*** Records shown ***

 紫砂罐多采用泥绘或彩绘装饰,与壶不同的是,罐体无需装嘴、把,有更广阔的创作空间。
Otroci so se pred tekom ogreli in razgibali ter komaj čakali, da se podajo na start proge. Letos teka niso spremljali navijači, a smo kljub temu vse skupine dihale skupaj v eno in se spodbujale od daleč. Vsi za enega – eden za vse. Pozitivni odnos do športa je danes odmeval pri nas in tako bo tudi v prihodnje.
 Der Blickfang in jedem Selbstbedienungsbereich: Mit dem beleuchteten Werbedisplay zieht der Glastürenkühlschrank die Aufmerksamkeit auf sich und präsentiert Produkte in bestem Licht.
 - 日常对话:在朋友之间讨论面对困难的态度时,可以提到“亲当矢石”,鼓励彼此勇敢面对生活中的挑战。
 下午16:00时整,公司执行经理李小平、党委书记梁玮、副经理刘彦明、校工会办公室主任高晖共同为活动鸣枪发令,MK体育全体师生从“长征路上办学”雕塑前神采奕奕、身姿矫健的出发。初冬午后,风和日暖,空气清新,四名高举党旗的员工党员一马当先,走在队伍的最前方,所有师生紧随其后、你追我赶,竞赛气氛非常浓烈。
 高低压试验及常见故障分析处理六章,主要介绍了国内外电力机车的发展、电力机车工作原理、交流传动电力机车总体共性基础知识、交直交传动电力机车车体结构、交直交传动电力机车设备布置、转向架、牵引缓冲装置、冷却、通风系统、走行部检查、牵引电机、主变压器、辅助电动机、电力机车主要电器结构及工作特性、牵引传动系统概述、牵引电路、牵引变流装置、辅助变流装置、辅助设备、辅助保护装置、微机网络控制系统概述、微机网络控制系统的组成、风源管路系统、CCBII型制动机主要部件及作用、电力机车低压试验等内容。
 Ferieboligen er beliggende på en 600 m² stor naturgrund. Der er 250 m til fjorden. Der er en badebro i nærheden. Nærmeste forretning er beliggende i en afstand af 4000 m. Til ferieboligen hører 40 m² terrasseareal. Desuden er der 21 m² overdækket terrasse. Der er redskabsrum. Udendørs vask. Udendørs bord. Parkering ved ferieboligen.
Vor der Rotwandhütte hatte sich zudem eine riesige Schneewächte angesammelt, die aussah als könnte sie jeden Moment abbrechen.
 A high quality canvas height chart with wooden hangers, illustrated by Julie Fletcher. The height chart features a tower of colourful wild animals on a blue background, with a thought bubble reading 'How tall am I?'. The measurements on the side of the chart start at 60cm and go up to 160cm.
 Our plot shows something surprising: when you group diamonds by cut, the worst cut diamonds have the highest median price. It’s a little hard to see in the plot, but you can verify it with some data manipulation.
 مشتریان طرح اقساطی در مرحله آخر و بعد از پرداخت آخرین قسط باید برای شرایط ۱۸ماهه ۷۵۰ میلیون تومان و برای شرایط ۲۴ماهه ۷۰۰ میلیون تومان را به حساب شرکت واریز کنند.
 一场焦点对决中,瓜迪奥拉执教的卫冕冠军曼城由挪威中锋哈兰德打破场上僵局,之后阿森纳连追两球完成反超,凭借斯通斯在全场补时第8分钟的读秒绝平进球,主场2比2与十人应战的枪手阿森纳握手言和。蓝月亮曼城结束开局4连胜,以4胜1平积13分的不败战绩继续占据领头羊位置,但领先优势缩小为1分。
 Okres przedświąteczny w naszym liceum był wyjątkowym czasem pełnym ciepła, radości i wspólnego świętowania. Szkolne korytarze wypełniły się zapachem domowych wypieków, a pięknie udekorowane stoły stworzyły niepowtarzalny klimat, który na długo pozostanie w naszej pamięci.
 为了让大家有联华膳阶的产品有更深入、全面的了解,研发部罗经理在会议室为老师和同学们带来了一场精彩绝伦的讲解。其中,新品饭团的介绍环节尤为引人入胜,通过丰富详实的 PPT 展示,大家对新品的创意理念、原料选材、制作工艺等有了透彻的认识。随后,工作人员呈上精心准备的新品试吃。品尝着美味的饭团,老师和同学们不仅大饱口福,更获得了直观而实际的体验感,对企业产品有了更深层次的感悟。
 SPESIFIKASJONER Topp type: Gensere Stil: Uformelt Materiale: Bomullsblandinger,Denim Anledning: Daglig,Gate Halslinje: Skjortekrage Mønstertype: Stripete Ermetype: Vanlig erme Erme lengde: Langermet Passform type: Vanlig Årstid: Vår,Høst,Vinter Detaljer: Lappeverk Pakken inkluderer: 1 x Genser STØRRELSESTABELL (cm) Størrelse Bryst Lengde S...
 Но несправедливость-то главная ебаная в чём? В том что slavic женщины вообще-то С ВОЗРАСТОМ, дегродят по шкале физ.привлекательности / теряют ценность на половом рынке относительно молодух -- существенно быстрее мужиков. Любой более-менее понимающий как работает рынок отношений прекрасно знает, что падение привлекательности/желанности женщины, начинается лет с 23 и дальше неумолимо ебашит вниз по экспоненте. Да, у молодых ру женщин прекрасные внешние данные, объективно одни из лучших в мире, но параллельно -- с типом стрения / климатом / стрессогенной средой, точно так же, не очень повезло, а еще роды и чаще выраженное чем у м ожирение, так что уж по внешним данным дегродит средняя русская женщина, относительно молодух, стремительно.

*** End of Records shown ***

Report every line of the entries that carries the word "sich".

 Der Blickfang in jedem Selbstbedienungsbereich: Mit dem beleuchteten Werbedisplay zieht der Glastürenkühlschrank die Aufmerksamkeit auf sich und präsentiert Produkte in bestem Licht.
Vor der Rotwandhütte hatte sich zudem eine riesige Schneewächte angesammelt, die aussah als könnte sie jeden Moment abbrechen.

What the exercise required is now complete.